ABOUT THIS EXERCISE: Take the records below and set down exactly the lines from the one with "В ответ сообщалось, что" to the one with "6月26日下午18:00,马", ends included; do not copy the pictures.

[Opening RECORDS FOR PROCESSING section]

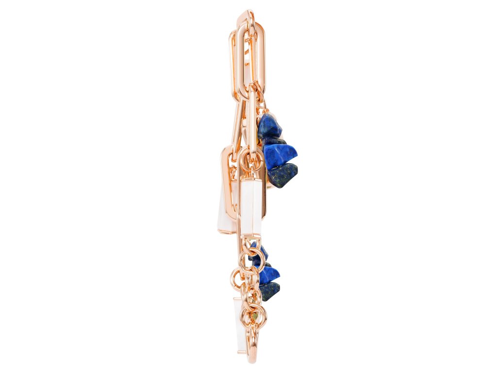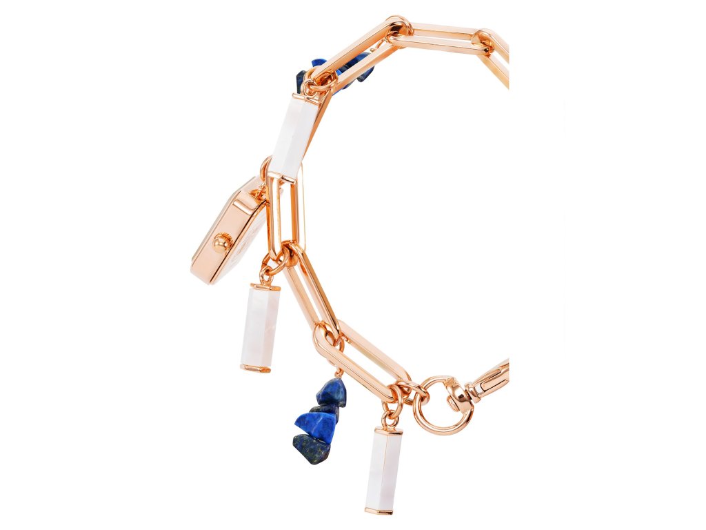 This watch impresses with pendants and a bracelet in rose gold that elegantly encircles your wrist. The square case is then suspended in the middle of the bracelet as a pendant. The indices and hands, gently glistening on the dark blue background of the dial, add to the charming appearance of the watch, which is so unmissable.
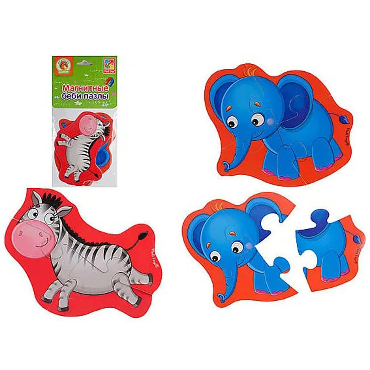 Магнитные мягкие пазлы Слон и Зебра Vladi Toys 6 элементов 4820195058855
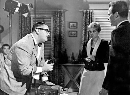From top: Robert Aldrich with Lee Marvin on the set of The Dirty Dozen (1967); directing Gaby Rogers and Ralph Meeker on the 1955 noir classic Kiss Me Deadly; showing how it's done on the WWII drama, Attack (1956). (Photos: (Top to Bottom) Photofest; Everett (2))
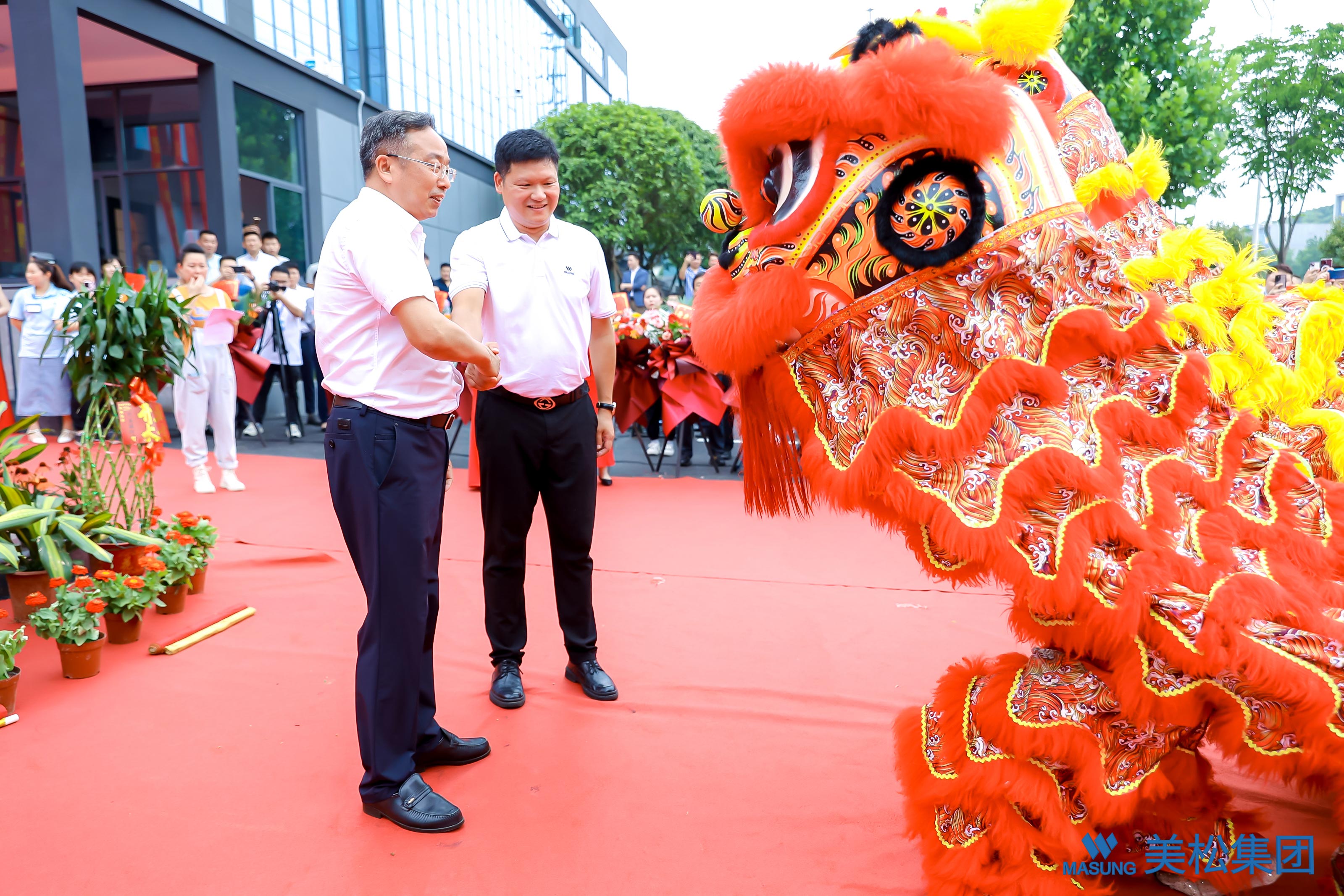 美松集團(tuán)董事長(zhǎng)陳斌先生和望城經(jīng)開(kāi)區(qū)黨工委姚羅光同志共同為美松集團(tuán)智能產(chǎn)業(yè)園園碑揭幕,同時(shí)也為沉睡的祥獅點(diǎn)上尊貴的一筆,把朱砂涂在獅的眼睛上,象征賜予生命,寓意虎虎生威,事業(yè)興盛,祥瑞如意,宏圖大展。一點(diǎn)左眼靈氣滿身,二點(diǎn)右眼志在乾坤,三點(diǎn)額頭旭日凌空,照亮生財(cái)之道,四點(diǎn)獅嘴招財(cái),納祥無(wú)限,財(cái)源滾滾自天來(lái)。
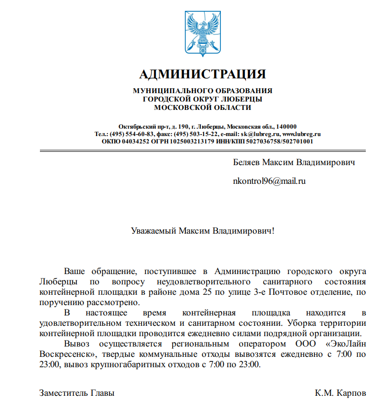 В ответ сообщалось, что в настоящее время контейнерная площадка находится в удовлетворительном техническом и санитарном состоянии. Уборка территории осуществляется ежедневно силами подрядной организации, а вывоз твердых коммунальных отходов производится региональным оператором ООО «ЭкоЛайн Воскресенск» с 7:00 до 23:00, вывоз крупногабаритных отходов также проходит в указанные часы.
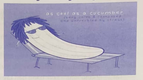 Thành ngữ trong hình có ý nghĩa “hết sức bình tĩnh khi vượt qua khó khăn” (nghĩa gốc là: lạnh lùng như quả dưa chuột). Vì thế câu thành ngữ minh họa bằng hình ảnh quả dưa chuột hết sức “lạnh lùng”.
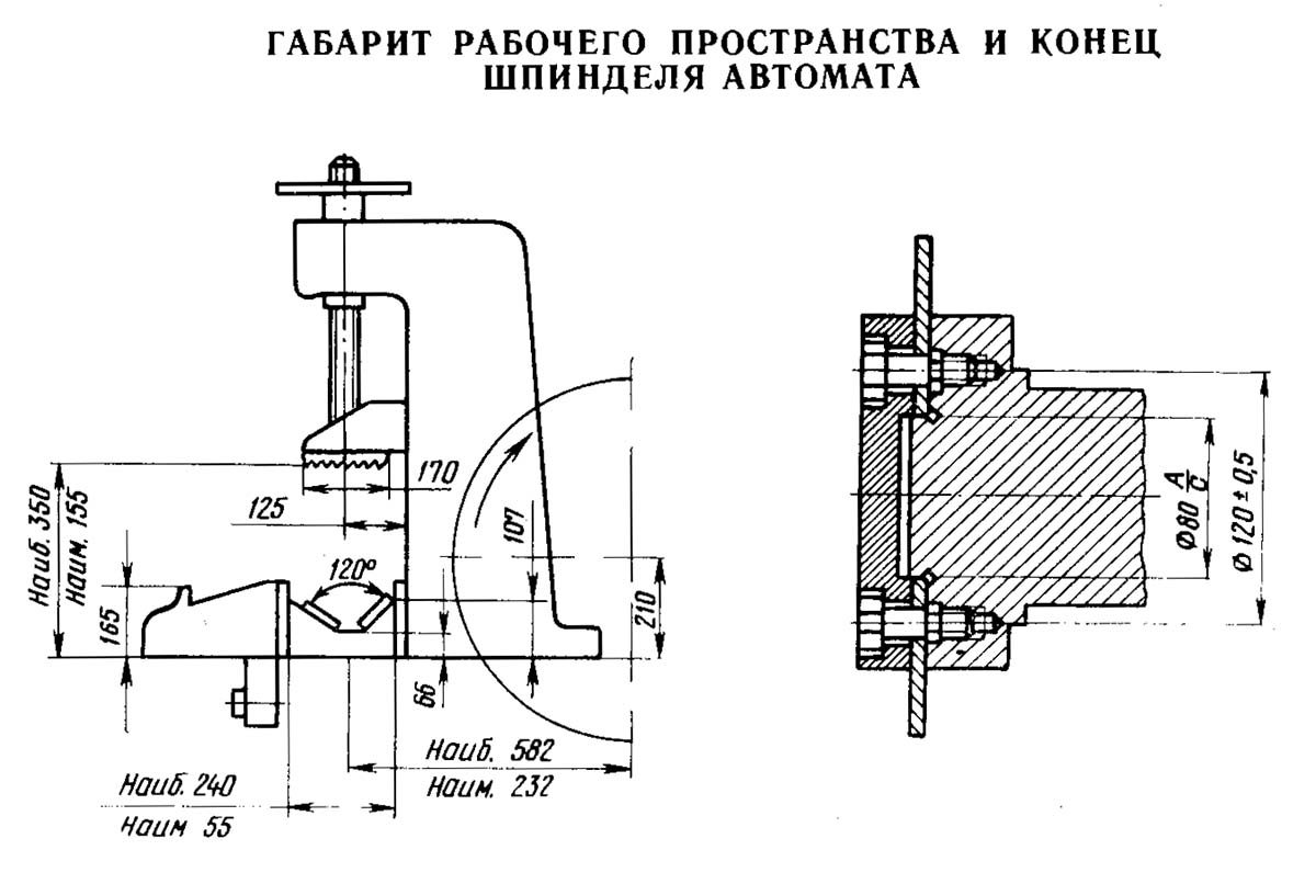 Габаритные розміри робочого простору верстата 8в66
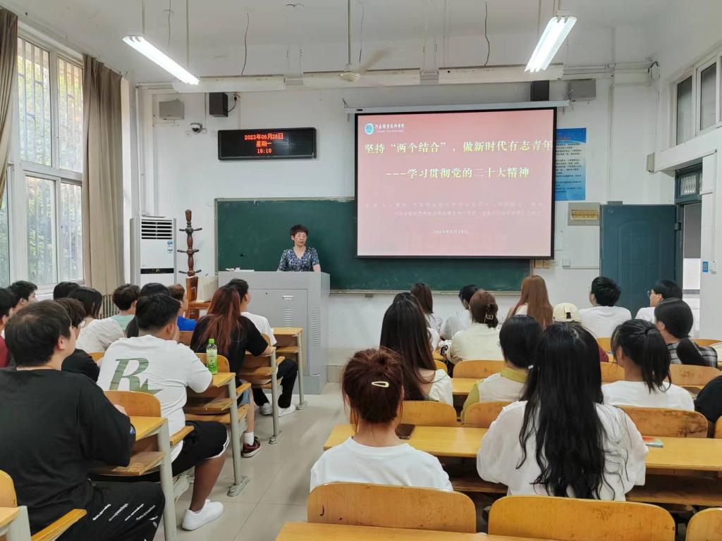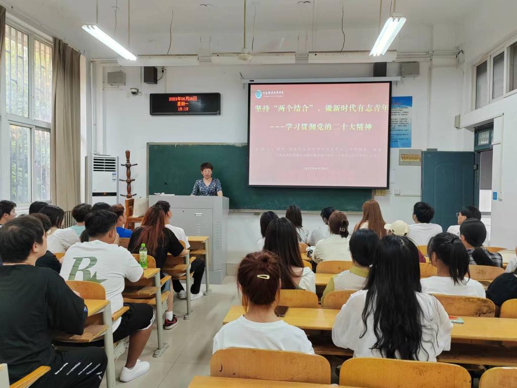6月26日下午18:00,马克思主义学院院长梁杰在明德楼2103教室给文化旅游学院35名学生党员开展了题目为《坚持“两个结合”,做新时代有志青年——学习贯彻党的二十大精神》的主题教育专题党课。
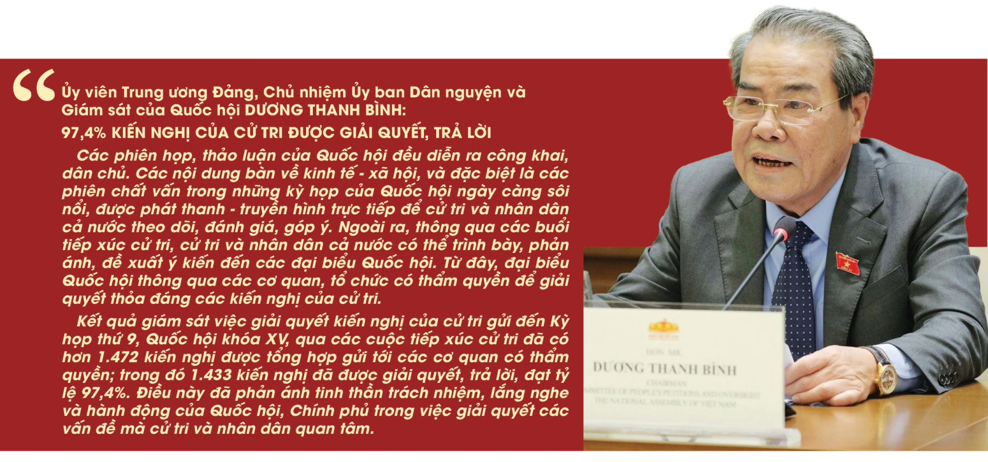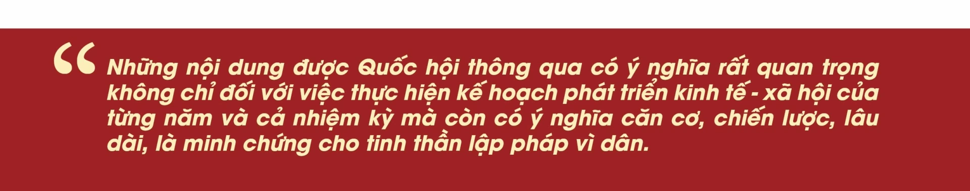 Từ khi ra đời tới nay, Quốc hội ta đã hoàn thành xuất sắc vai trò, sứ mệnh của mình đối với đất nước, với dân tộc. Với tính chất Nhà nước ta là nhà nước pháp quyền xã hội chủ nghĩa, vì vậy, tất cả chủ trương, đường lối của Đảng muốn đi vào đời sống, để toàn dân nghiêm túc thực hiện đều phải được thể chế hóa bằng hệ thống pháp luật. Đầu nhiệm kỳ Quốc hội khóa XV diễn ra trong bối cảnh đặc biệt - đại dịch Covid-19 ảnh hưởng sâu sắc đến mọi lĩnh vực; tình hình thế giới có nhiều biến động phức tạp; trong nước vừa tập trung khôi phục kinh tế, vừa triển khai các chương trình mục tiêu quốc gia, thúc đẩy chuyển đổi số, phát triển hạ tầng chiến lược và hoàn thiện thể chế kinh tế thị trường định hướng xã hội chủ nghĩa. Chính trong bối cảnh đó, Quốc hội đã thể hiện rõ bản lĩnh, trí tuệ, đổi mới mạnh mẽ phương thức hoạt động, kịp thời đưa ra các quyết sách quan trọng, có tầm chiến lược, góp phần phục hồi và phát triển kinh tế - xã hội, giữ vững ổn định chính trị và bảo đảm an sinh xã hội.

[Closing RECORDS FOR PROCESSING section]

SOLUTION:
 В ответ сообщалось, что в настоящее время контейнерная площадка находится в удовлетворительном техническом и санитарном состоянии. Уборка территории осуществляется ежедневно силами подрядной организации, а вывоз твердых коммунальных отходов производится региональным оператором ООО «ЭкоЛайн Воскресенск» с 7:00 до 23:00, вывоз крупногабаритных отходов также проходит в указанные часы.
 Thành ngữ trong hình có ý nghĩa “hết sức bình tĩnh khi vượt qua khó khăn” (nghĩa gốc là: lạnh lùng như quả dưa chuột). Vì thế câu thành ngữ minh họa bằng hình ảnh quả dưa chuột hết sức “lạnh lùng”.
 Габаритные розміри робочого простору верстата 8в66
6月26日下午18:00,马克思主义学院院长梁杰在明德楼2103教室给文化旅游学院35名学生党员开展了题目为《坚持“两个结合”,做新时代有志青年——学习贯彻党的二十大精神》的主题教育专题党课。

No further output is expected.